| Activity |
In the records below, the line that contains "บรรยากาศควันหลงวันสงกรานต์ กับประเพณีก่อพระทราย วันไหลบางแสน" marks the start. Copy it and each line after it through the end, exactly, without pictures.

| Information supplied |
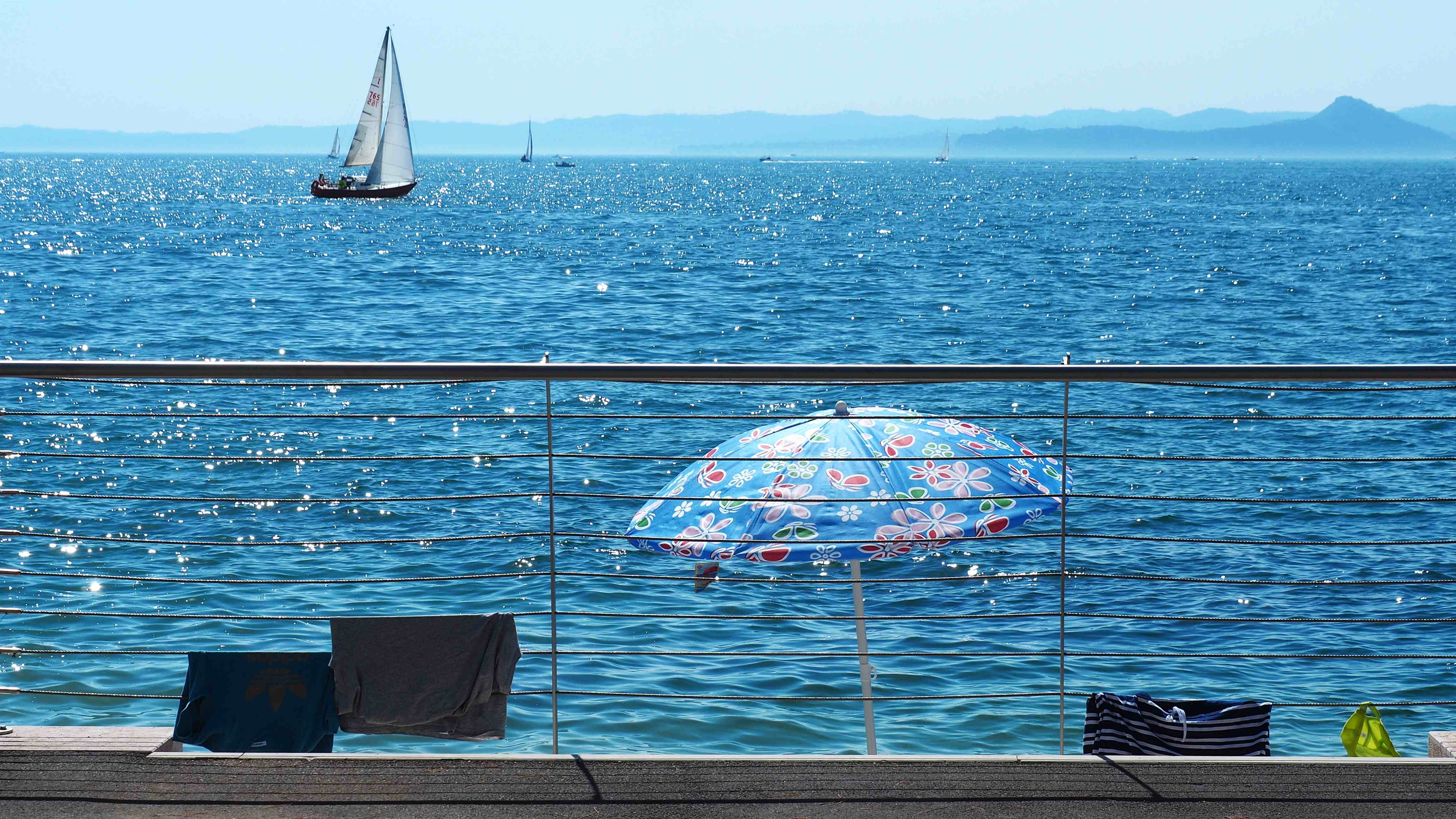 Heute Morgen bin ich dann früh losgefahren, weil es wieder so heiß werden sollte wie gestern. Also bin ich schon mittags am Gardasee angekommen. Sofort sprang ich ins Wasser! Es war wieder karibisch warm und nur mäßig erfrischend, aber das musste jetzt sein!
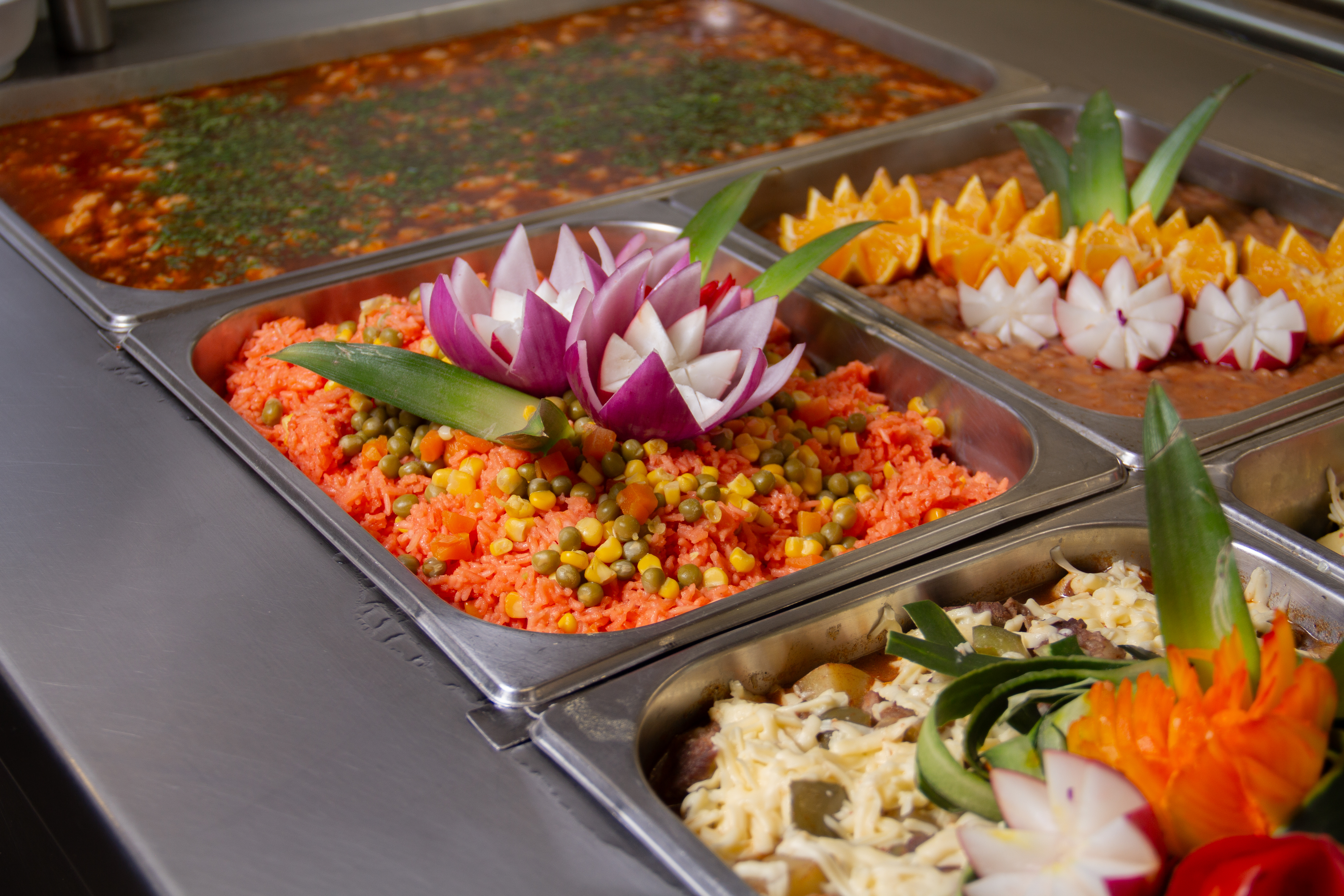 Operación de alimentos elaborados en nuestra cocina principal, transportados en
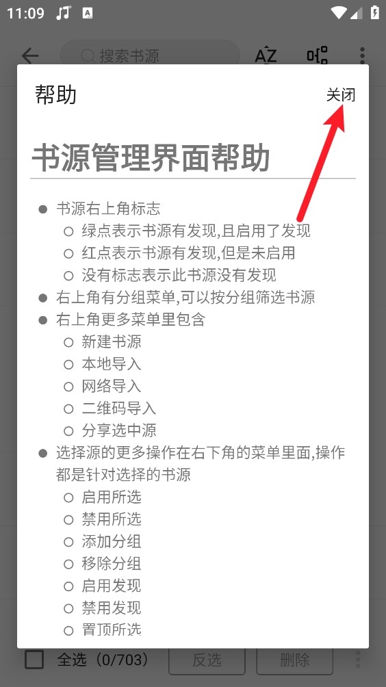 3、启用所选书源:导入书源后,可在书源管理界面勾选需要的书源,或直接搜索框输入关键词精准检索书源,勾选完成后点击右侧三点,选择“启用所选”即可开始使用。
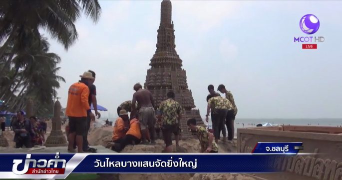 บรรยากาศควันหลงวันสงกรานต์ กับประเพณีก่อพระทราย วันไหลบางแสน จังหวัดชลบุรี มีผู้คนมาร่วมงานคึกคัก ทำให้รถติดยาวหลายสิบกิโลเมตร
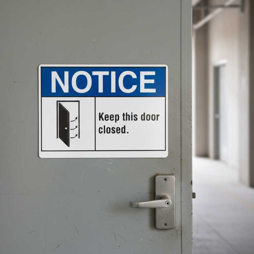 Notice Keep this door closed is built with quality materials for lasting performance.
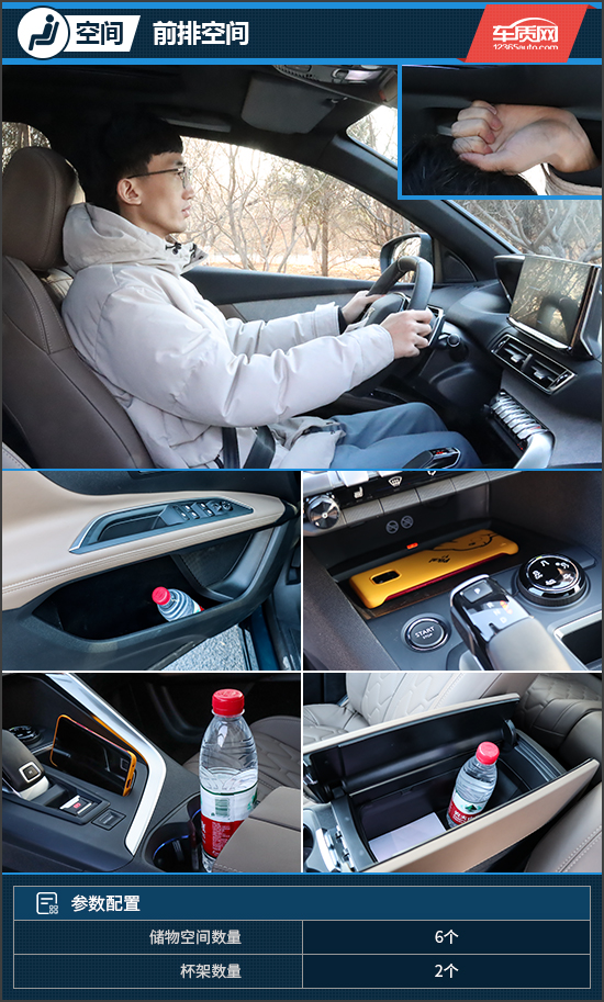 乘坐空间方面,身高178cm的体验者坐进前排,头部空间为一拳,得益于全景天窗带来的通透视野,因此乘坐空间感比较不错,并不会感觉压抑。前排门板储物槽空间较大,而且内部还进行了空间划分,利用率很高。中控区域,在挡杆前方及右侧均设计有储物槽,不仅拿取物品十分方便,而且前者还配有无线充电板,实用性表现令人满意。连体式杯架配有限位器,放置水瓶稳定性较好。中央扶手箱采用对开门设计,内部空间中规中矩,目测可以放下不少物品。
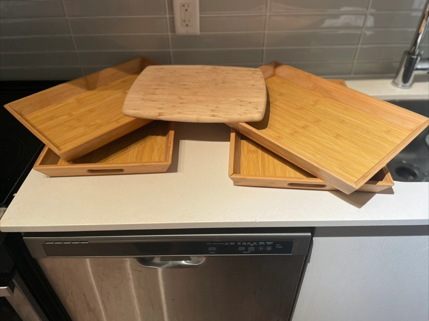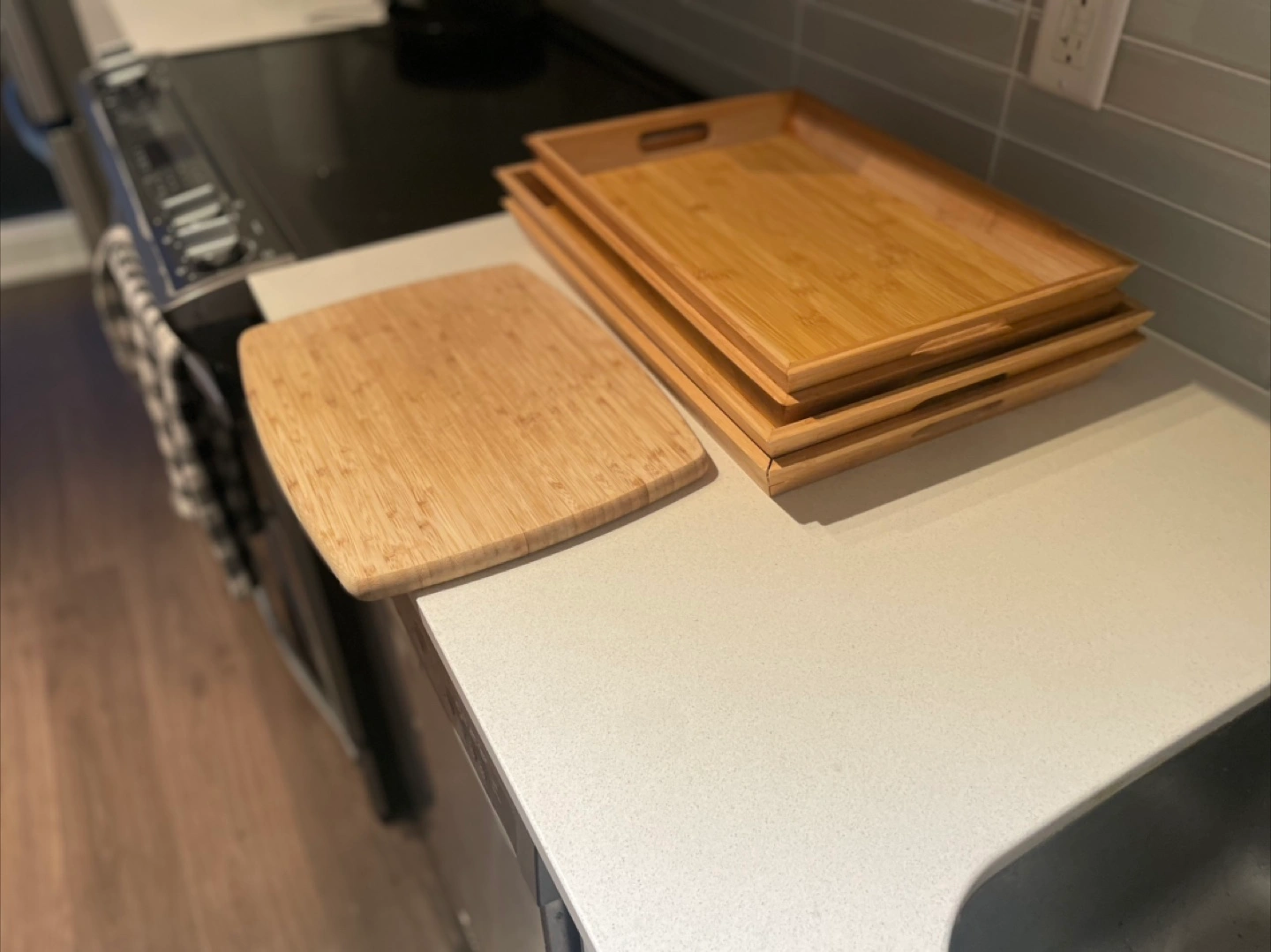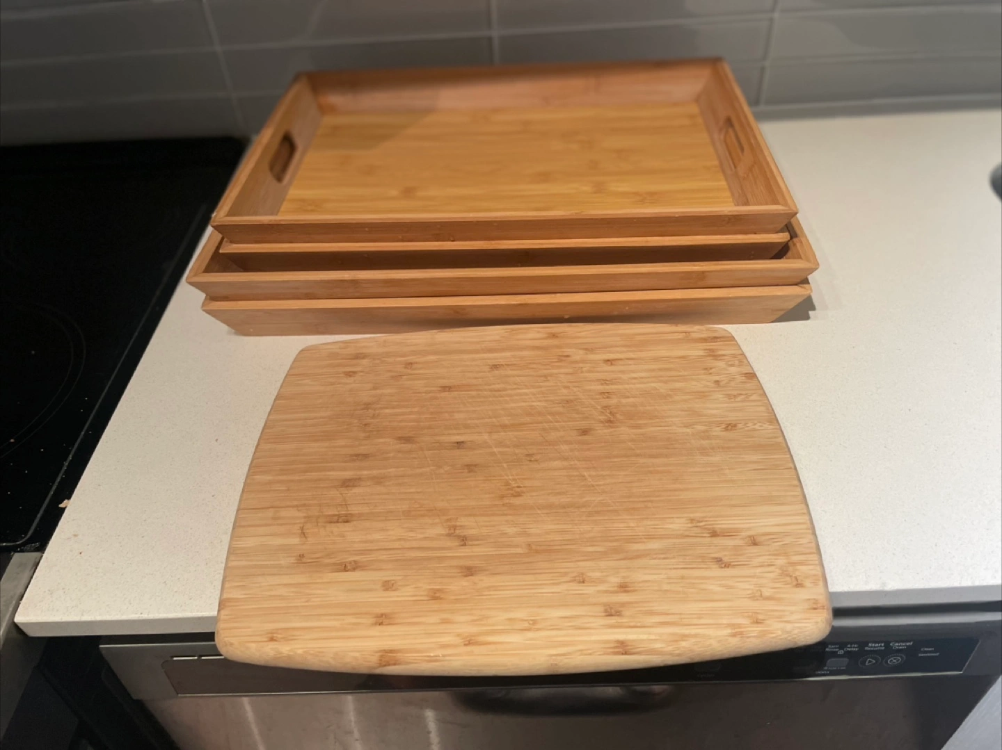 Bamboo Trays and Cutting Board Set
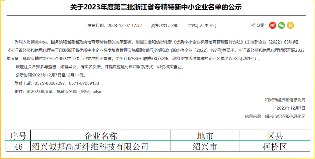 ? ? ? 12月7日,紹興市經(jīng)信局公示的2023年度第二批浙江省“專精特新”中小企業(yè)名單中,集團(tuán)旗下誠(chéng)邦高新纖維科技有限公司榮膺其中。“專精特新”是指企業(yè)在行業(yè)領(lǐng)域內(nèi)更具有專業(yè)性、精細(xì)化、特色化、新穎化。
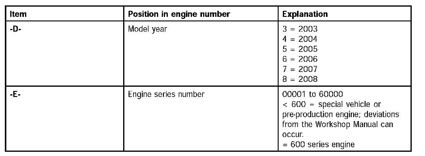 Position and coding of the engine number

| Solution to this task |
 บรรยากาศควันหลงวันสงกรานต์ กับประเพณีก่อพระทราย วันไหลบางแสน จังหวัดชลบุรี มีผู้คนมาร่วมงานคึกคัก ทำให้รถติดยาวหลายสิบกิโลเมตร
 Notice Keep this door closed is built with quality materials for lasting performance.
 乘坐空间方面,身高178cm的体验者坐进前排,头部空间为一拳,得益于全景天窗带来的通透视野,因此乘坐空间感比较不错,并不会感觉压抑。前排门板储物槽空间较大,而且内部还进行了空间划分,利用率很高。中控区域,在挡杆前方及右侧均设计有储物槽,不仅拿取物品十分方便,而且前者还配有无线充电板,实用性表现令人满意。连体式杯架配有限位器,放置水瓶稳定性较好。中央扶手箱采用对开门设计,内部空间中规中矩,目测可以放下不少物品。
 Bamboo Trays and Cutting Board Set
 ? ? ? 12月7日,紹興市經(jīng)信局公示的2023年度第二批浙江省“專精特新”中小企業(yè)名單中,集團(tuán)旗下誠(chéng)邦高新纖維科技有限公司榮膺其中。“專精特新”是指企業(yè)在行業(yè)領(lǐng)域內(nèi)更具有專業(yè)性、精細(xì)化、特色化、新穎化。
 Position and coding of the engine number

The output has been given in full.